Starting at the line holding "Hydrophobic PTFE syringe" and finishing at the line holding "根据我的经验,楼主在开空不到10分钟已经买多对冲了。", transcribe the material exactly, keeping both ends but no pictures.

> [TASK MATERIAL]:
------------------------------

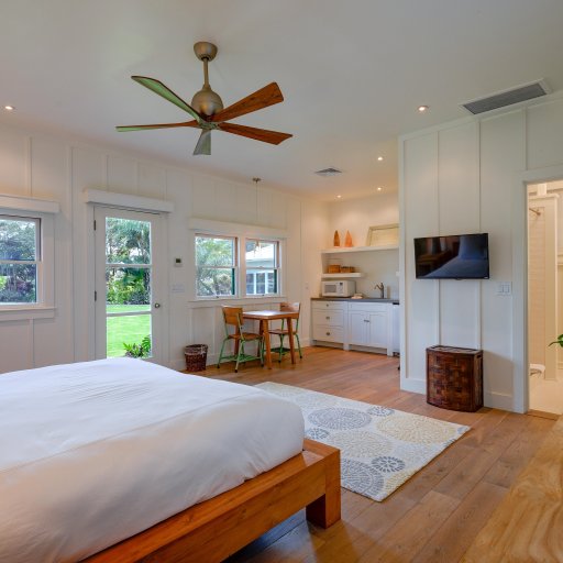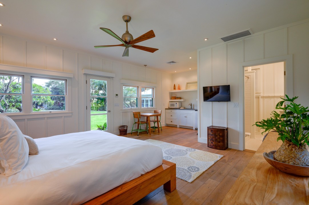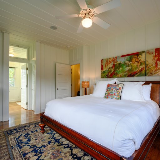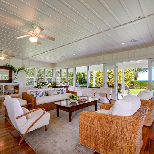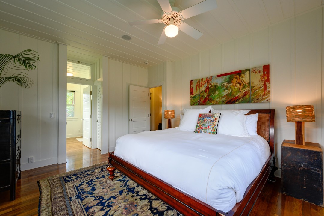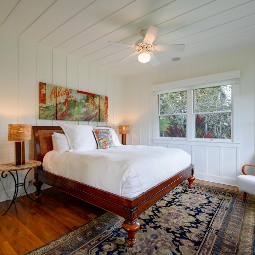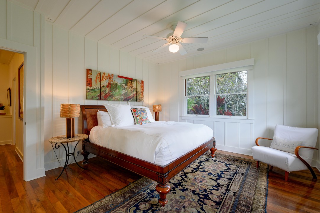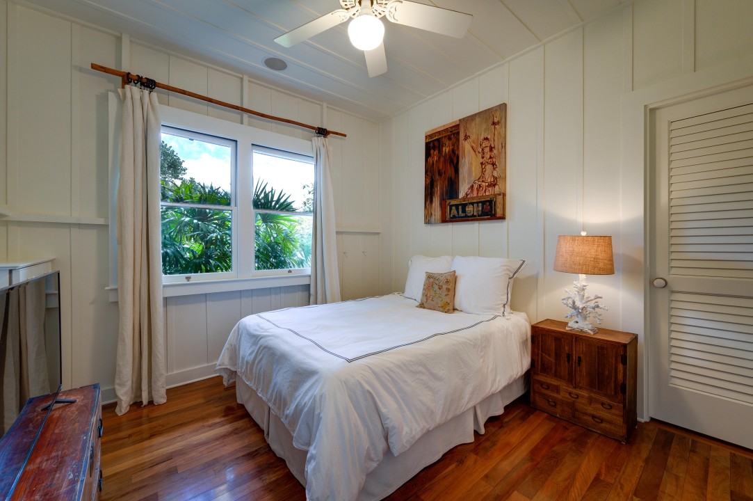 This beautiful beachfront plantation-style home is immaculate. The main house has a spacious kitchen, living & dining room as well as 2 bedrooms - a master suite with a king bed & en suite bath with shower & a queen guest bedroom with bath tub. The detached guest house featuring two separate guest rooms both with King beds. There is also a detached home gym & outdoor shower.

------------------------------

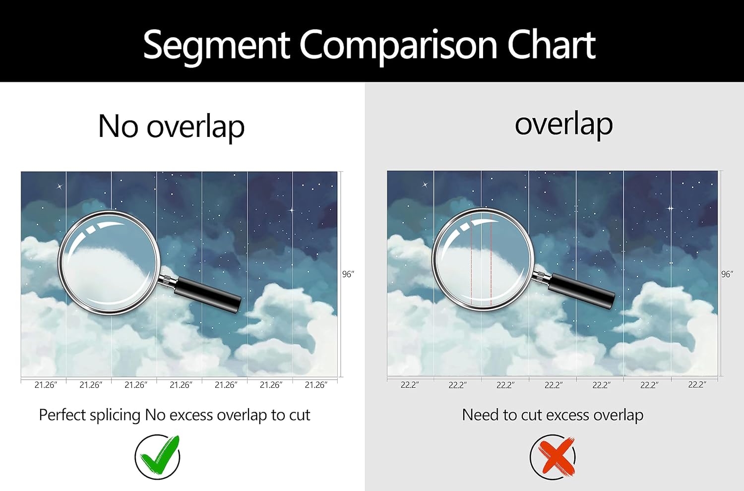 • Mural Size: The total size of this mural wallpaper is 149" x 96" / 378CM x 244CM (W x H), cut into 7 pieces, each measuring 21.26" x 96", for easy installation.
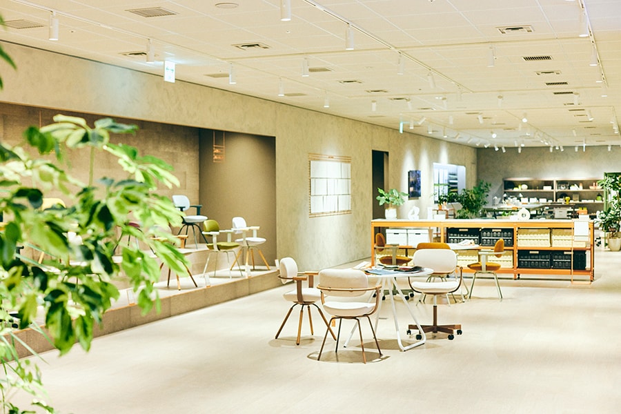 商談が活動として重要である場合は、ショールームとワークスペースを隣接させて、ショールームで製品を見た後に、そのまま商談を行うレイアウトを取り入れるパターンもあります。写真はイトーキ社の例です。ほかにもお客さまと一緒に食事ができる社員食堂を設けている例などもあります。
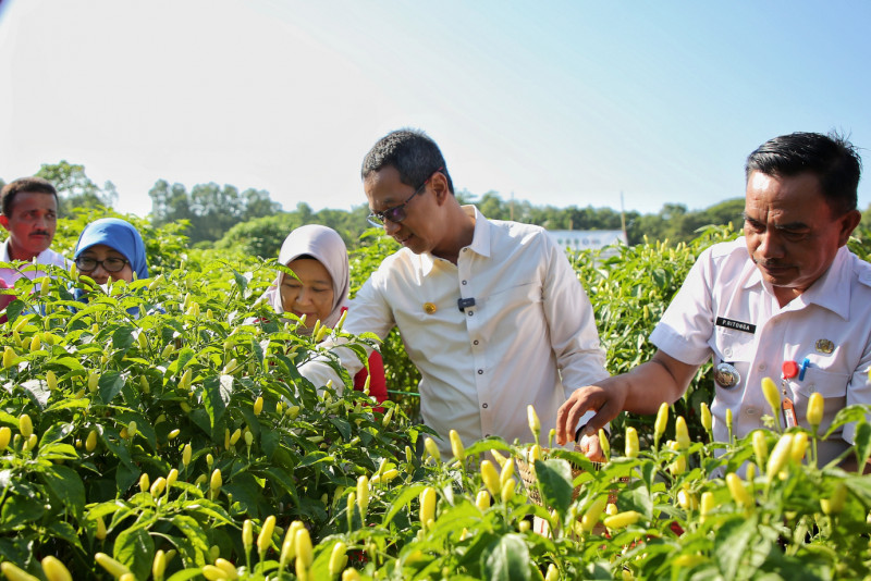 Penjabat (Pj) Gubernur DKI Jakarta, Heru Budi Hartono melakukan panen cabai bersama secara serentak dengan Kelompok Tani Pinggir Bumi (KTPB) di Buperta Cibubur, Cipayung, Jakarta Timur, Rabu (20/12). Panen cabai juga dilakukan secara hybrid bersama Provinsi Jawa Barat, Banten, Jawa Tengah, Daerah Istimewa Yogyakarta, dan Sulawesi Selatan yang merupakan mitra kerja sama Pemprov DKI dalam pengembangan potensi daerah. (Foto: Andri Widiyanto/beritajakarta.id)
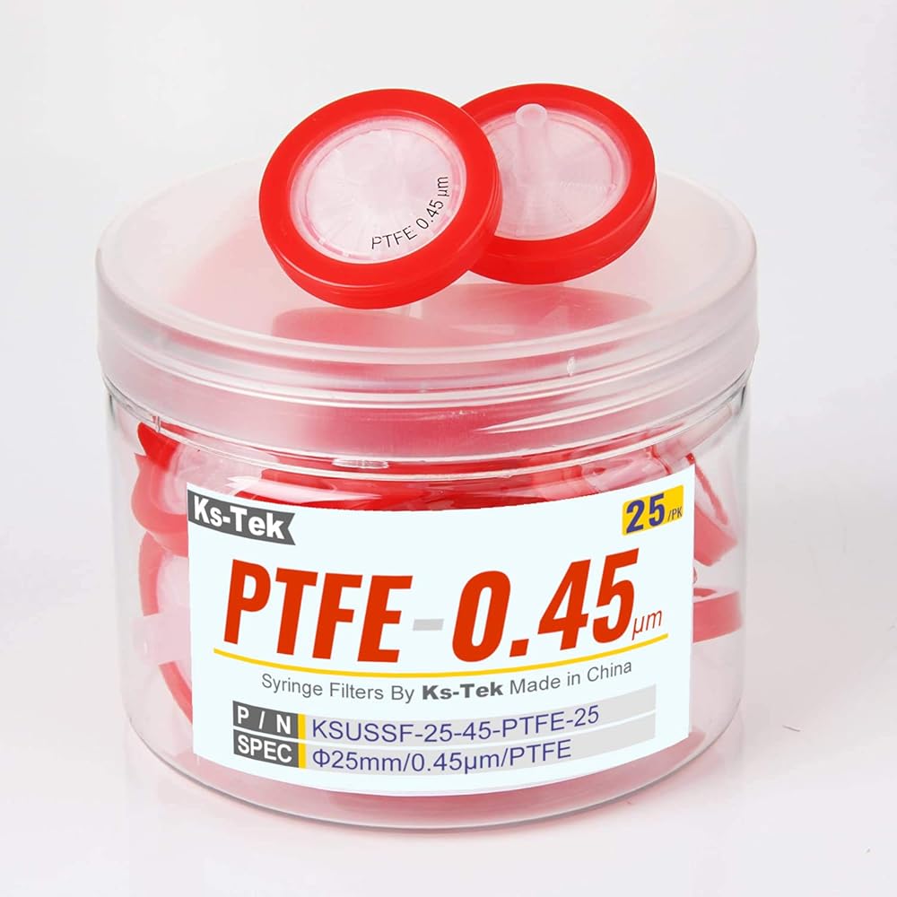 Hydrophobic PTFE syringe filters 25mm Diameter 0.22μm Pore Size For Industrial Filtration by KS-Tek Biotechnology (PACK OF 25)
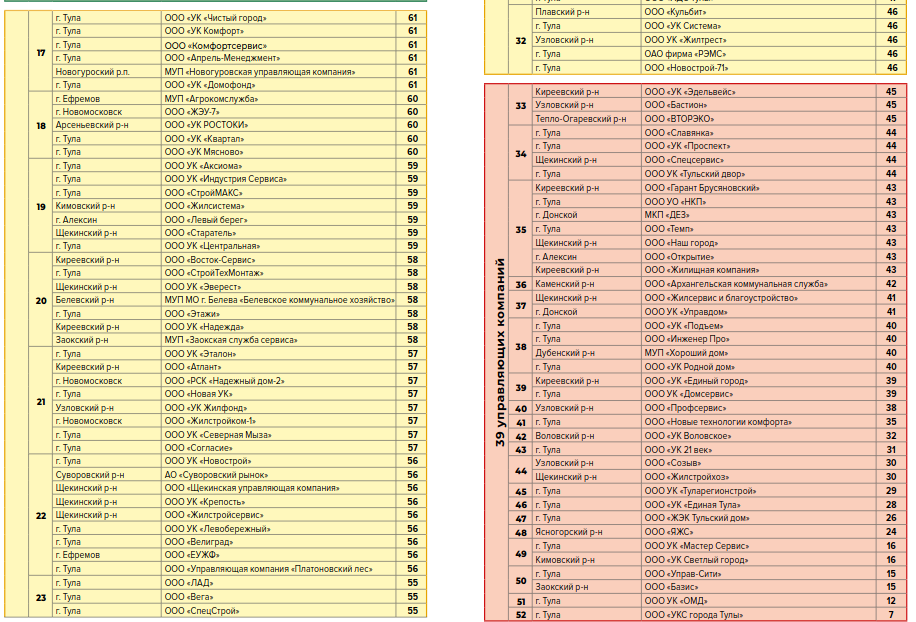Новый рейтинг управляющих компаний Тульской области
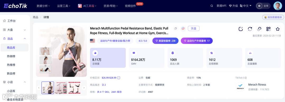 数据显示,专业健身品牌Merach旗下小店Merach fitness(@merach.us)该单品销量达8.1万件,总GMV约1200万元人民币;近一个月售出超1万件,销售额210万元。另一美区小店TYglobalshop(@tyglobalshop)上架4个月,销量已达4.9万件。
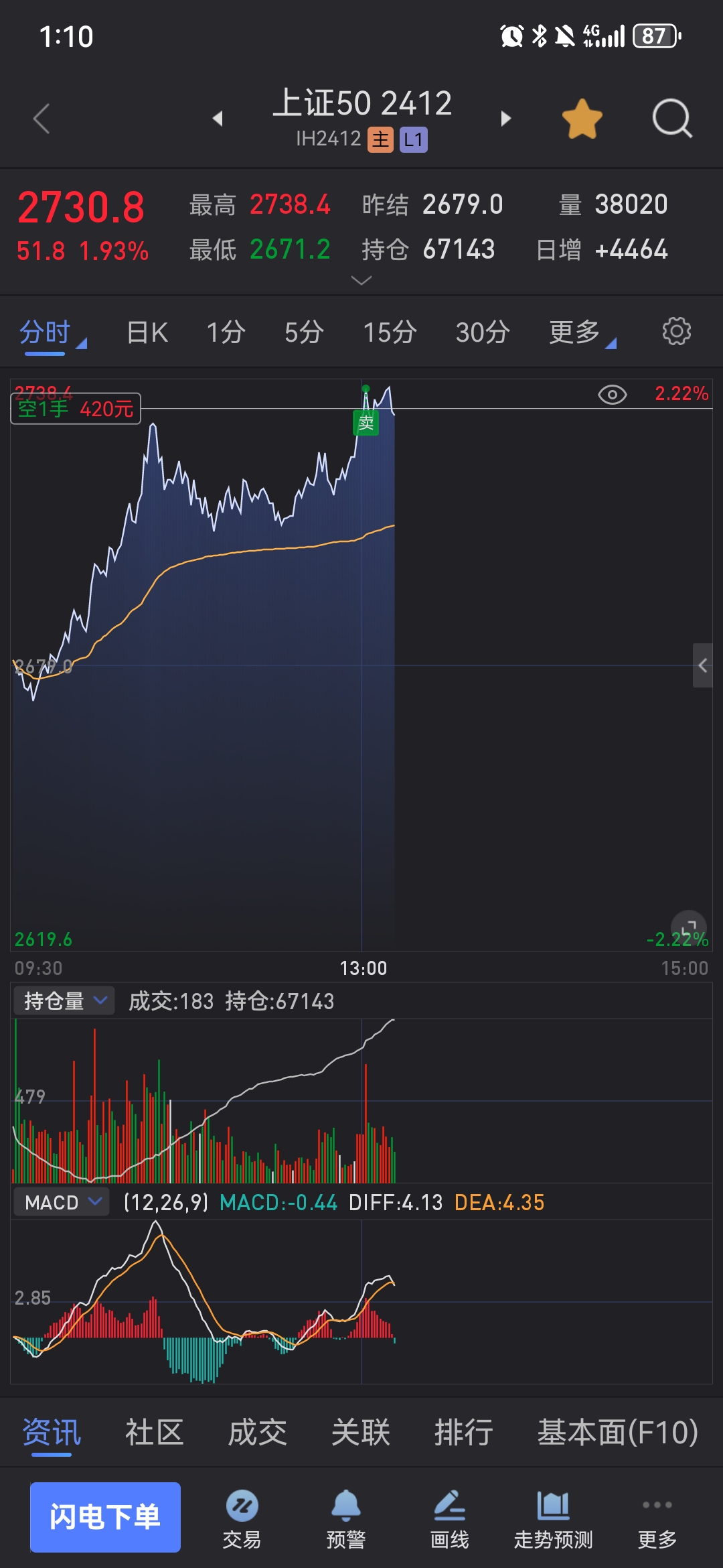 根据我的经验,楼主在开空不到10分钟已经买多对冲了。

------------------------------

> [ANSWER TO THIS PROBLEM]:
 Hydrophobic PTFE syringe filters 25mm Diameter 0.22μm Pore Size For Industrial Filtration by KS-Tek Biotechnology (PACK OF 25)
Новый рейтинг управляющих компаний Тульской области
 数据显示,专业健身品牌Merach旗下小店Merach fitness(@merach.us)该单品销量达8.1万件,总GMV约1200万元人民币;近一个月售出超1万件,销售额210万元。另一美区小店TYglobalshop(@tyglobalshop)上架4个月,销量已达4.9万件。
 根据我的经验,楼主在开空不到10分钟已经买多对冲了。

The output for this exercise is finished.